The attack targeted an American military convoy in the northern city of Manbij while troops were inside the Palace of the Princes, a restaurant where they often stopped to eat during patrols, residents said. While the Americans were inside, a nearby suicide attacker wearing an explosive vest blew himself up.
The bombing raised new questions about Mr. Trump’s surprise decision last month to end the American ground war in Syria. Critics of the president’s plans, including members of his own party, said Mr. Trump’s claim of victory over the Islamic State may have emboldened its fighters and encouraged Wednesday’s strike… Mr. Trump’s withdrawal announcement, made over the objections of his top national security officials, “set in motion enthusiasm by the enemy we’re fighting,” said Senator Lindsey Graham, Republican of South Carolina and a prominent Trump ally who has nonetheless criticized the military drawdown.

“I saw this in Iraq. And I’m now seeing it in Syria,” Mr.
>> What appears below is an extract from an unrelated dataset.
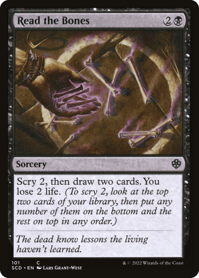 Scry appears on some spells and abilities with one or more targets. If all of the spell or ability's targets are illegal when it tries to resolve, it won't resolve and none of its effects will happen. You won't scry. — The loss of life is part of the spell's effect. It's not an additional cost. If Read the Bones doesn't resolve, you won't lose life. — When you scry, you may put all the cards you look at back on top of your library, you may put all of those cards on the bottom of your library, or you may put some of those cards on top and the rest of them on the bottom. — You choose how to order cards returned to your library after scrying no matter where you put them. — You perform the actions stated on a card in sequence. For some spells and abilities, that means you'll scry last. For others, that means you'll scry and then perform other actions.

Graham said at a Senate Judiciary Committee hearing on Wednesday.

The rest of the article, of course, had the Trump Administration defending itself, with Vice President Mike Pence as the spokesman of that defense.
However, already only two days later, the noise about this seems to have faded. There is no ongoing media fury about the President’s decision to remove troops. In fact, aside from the ongoing investigation to confirm that ISIS indeed did carry out this attack, there is no indication of a change in the troop withdrawal process.
If this situation remains as it is, it is a very good sign for these reasons:

  1. President Trump is showing his resolve and confidence in a decision he knows to be right (to withdraw) and not to accede to the War Party wishes.
  2. ISIS is losing its reputation as a significant fighting force as far as the US population is concerned, as it probably should. With the US gone, Russia can prosecute this war full force without risk of creating more serious incidents with the Americans.
  3. The possibility exists that this attack, already heinous in what we know, could have been a false flag, designed specifically to provoke the US troop withdrawal to stop and be reversed.

This last scenario has oddly not been visibly mentioned, but it should be, because it probably happened in April 2018 and earlier. The Duran covered this quite extensively, and while the “official” (Western) investigation has come up curiously silent on the alleged chemical weapons attack last April in Ghouta, the overwhelming body of reports from the region suggested that the “gas” attack was nothing at all but drama to keep the US ensnared in the region. Remember, President Trump at that time also expressed the intention of withdrawing US troops from the area, and this event caused a reversal for a time.
ISIS tried to become a nation. It operates on terror and theater, but it considers itself free to kill people along the way as it creates its pageantry. For the souls of all those innocent people who perished in this attack, we must pray and not forget.
But ISIS is substantially done, and what is left will be dealt with by Russian and Syrian forces.
For once, the definition of “American courage” might be not to fight. President Trump’s decision to remove the troops remains one of the most significant achievements of his presidency, and one of the most important in terms of restoring balance to the United States that it deserves to have.